Each line from the one containing "スプレッドシート、Gmail" to the end of the entries below is to be set down exactly; the pictures are not.

□ □ □

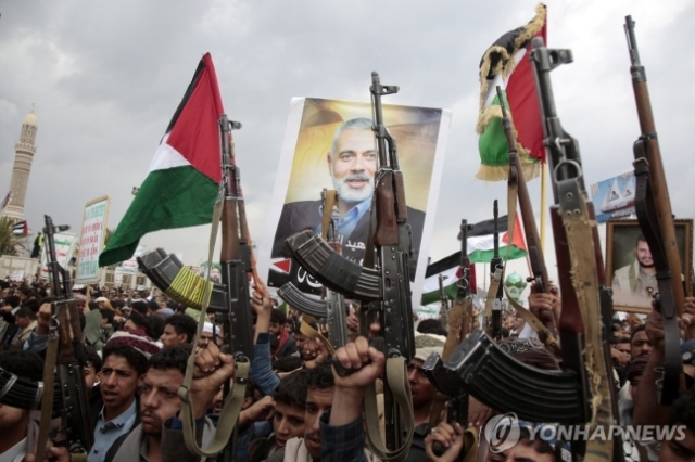 2일 예멘 사나에서 후티 반군 지지자들이 숨진 무장정파 하마스 최고 정치지도자 이스마일 하니예의 사진을 들고 있다. EPA 연합뉴스
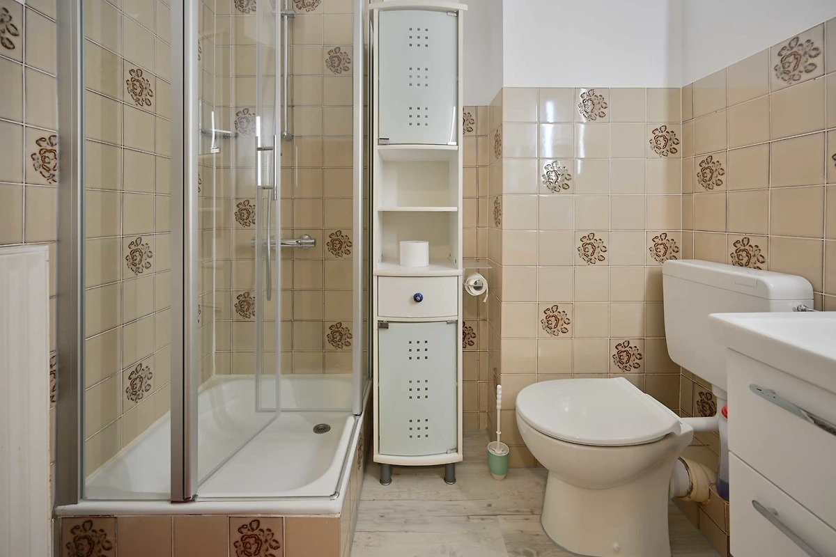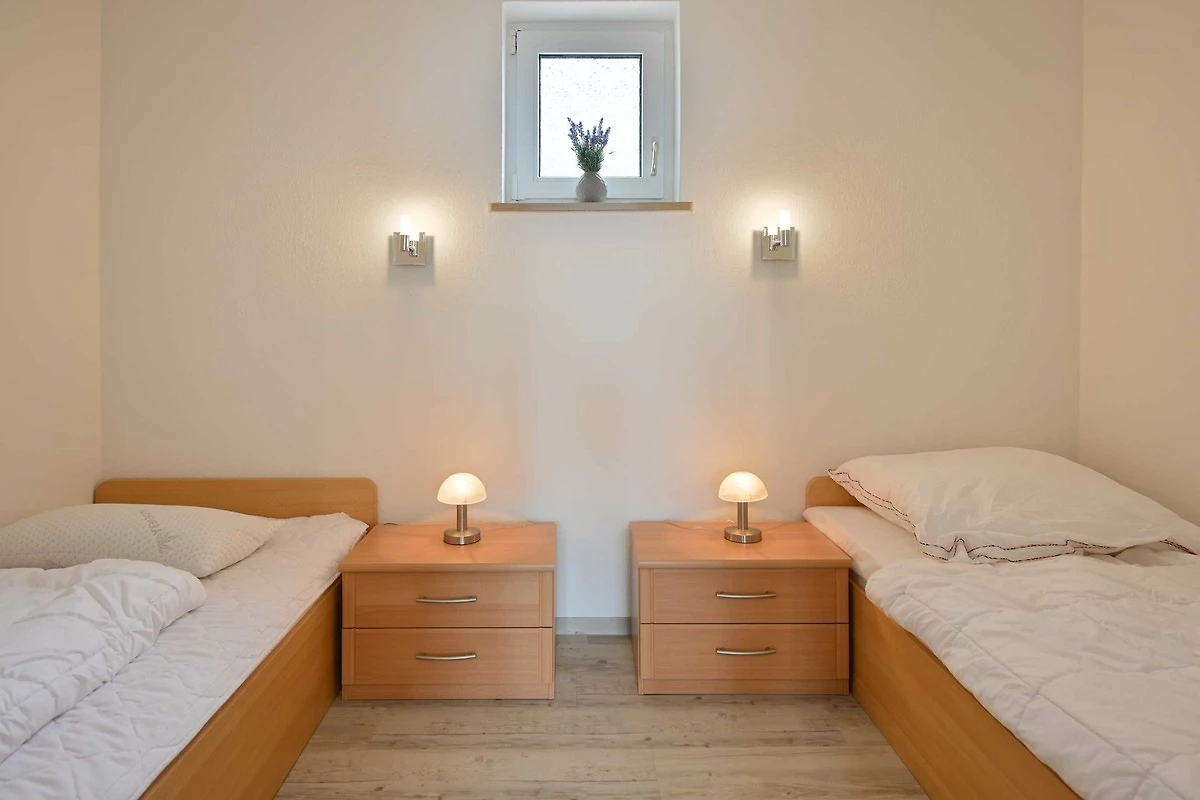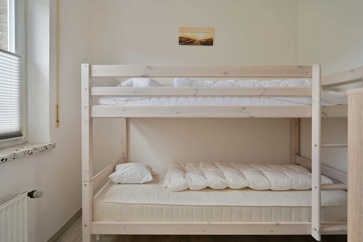 Das eine Schlafzimmer besteht aus zwei Einzelbetten mit zwei Nachttischen, dass zweite Schlafzimmer verfügt über ein Hochbett mit zwei Schlafplätzen und Kleiderschrank. Sollte ein Kleinkind mitreisen, steht ein Kinderreisebett und ein Hochstuhl bereit. Das Badezimmer verfügt über eine Dusche mit Glastüren und einem WC.
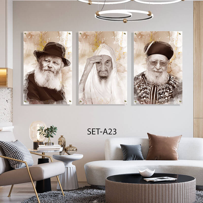 סט SET-A23 מתאים כמתנה מרגשת לחנוכת בית, למשפחה שומרת מסורת, לחדר לימוד או לכל מי שמחפש לשלב בבית תמונות רבנים בעיצוב יוקרתי ומודרני.
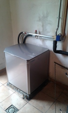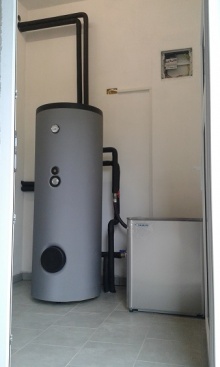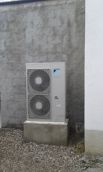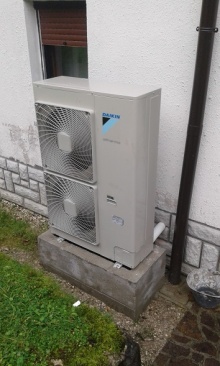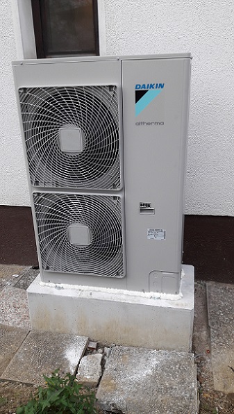 Visokotemperaturna toplotna črpalka. Pri nizkih temperaturah si ''pomaga'' s plinskim kotlom.
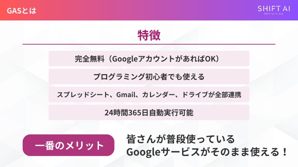 スプレッドシート、Gmail、カレンダー、ドライブなど、普段使いのツールをそのまま自動化できる点がGASの最大の強みです。
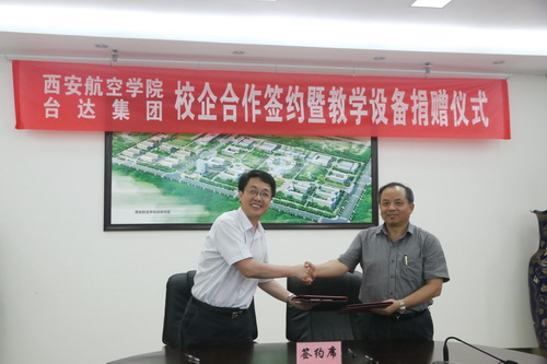 曹庆年与台达电子廖庆龙签署了捐赠协议书、校企合作意向书、合作协议书。
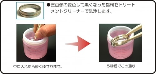 トリートメントクリーナーは黒く変色(硫化)した、銀製品、金製品を数秒で元の輝きに戻します。
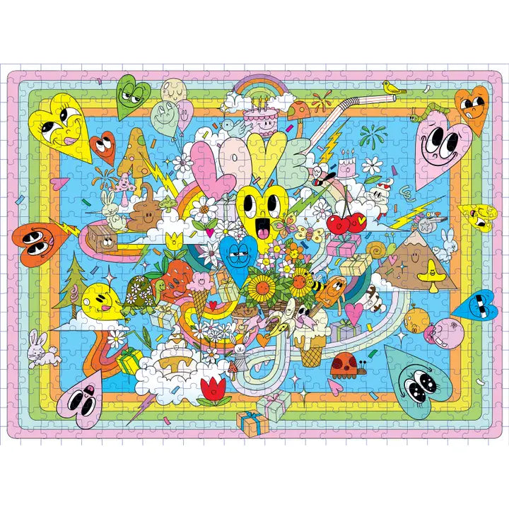 Love comes in many shapes, sizes, and colors in this pop-infused, sweet-as-pie 500-piece jigsaw puzzle. Skip across the rainbows and dive into the hours of summery solving fun that await!

□ □ □

RESULT BELOW =
 スプレッドシート、Gmail、カレンダー、ドライブなど、普段使いのツールをそのまま自動化できる点がGASの最大の強みです。
 曹庆年与台达电子廖庆龙签署了捐赠协议书、校企合作意向书、合作协议书。
 トリートメントクリーナーは黒く変色(硫化)した、銀製品、金製品を数秒で元の輝きに戻します。
 Love comes in many shapes, sizes, and colors in this pop-infused, sweet-as-pie 500-piece jigsaw puzzle. Skip across the rainbows and dive into the hours of summery solving fun that await!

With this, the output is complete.